*** Begin section ***
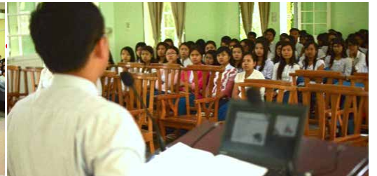
5月26日 ヤンゴンコンピュータ大学にて
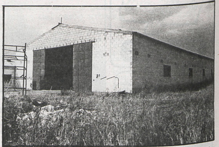
CISNEROS pudo acceder perfectamente a estas naves, que, al parecer, no están suficientemente vigiladas

Estas naves se encuentran en pleno campo y las facilita-
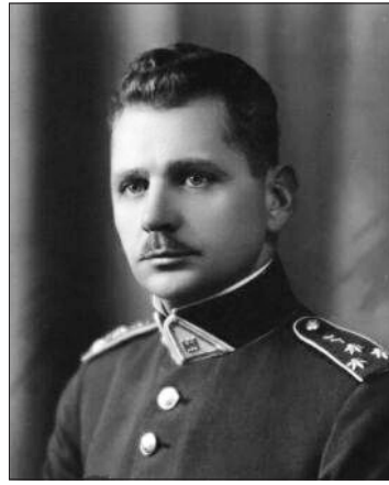
Krašto apsaugos ministras J. Papečkys
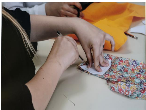
ILLUSTRATION DU PROJET PAR QUELQUES PHOTOS (Facultatif)
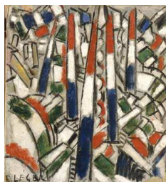
Le 14 juillet
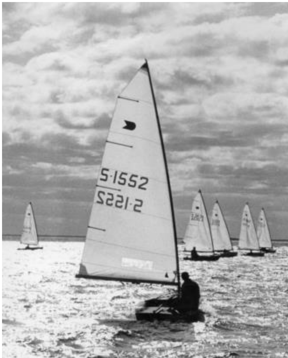
OK-jollesegling på 70-talet
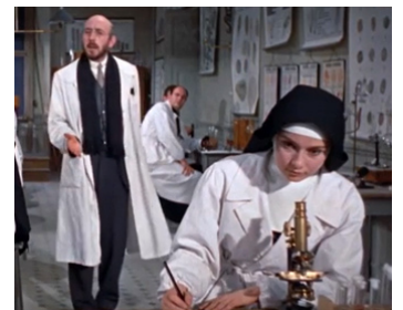
1959 AU RISQUE DE SE PERDRE (The Nun's Story) de Fred Zinnemann avec Audrey Hepburn
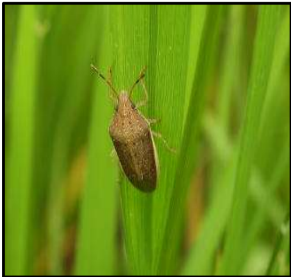
イネカメムシ（大型）
*** End section ***
▸ Your task
What is needed is an exact copy of the entries above, with no images in it.

▸ Answer to the problem
5月26日 ヤンゴンコンピュータ大学にて
CISNEROS pudo acceder perfectamente a estas naves, que, al parecer, no están suficientemente vigiladas

Estas naves se encuentran en pleno campo y las facilita-
Krašto apsaugos ministras J. Papečkys
ILLUSTRATION DU PROJET PAR QUELQUES PHOTOS (Facultatif)
Le 14 juillet
OK-jollesegling på 70-talet
1959 AU RISQUE DE SE PERDRE (The Nun's Story) de Fred Zinnemann avec Audrey Hepburn
イネカメムシ（大型）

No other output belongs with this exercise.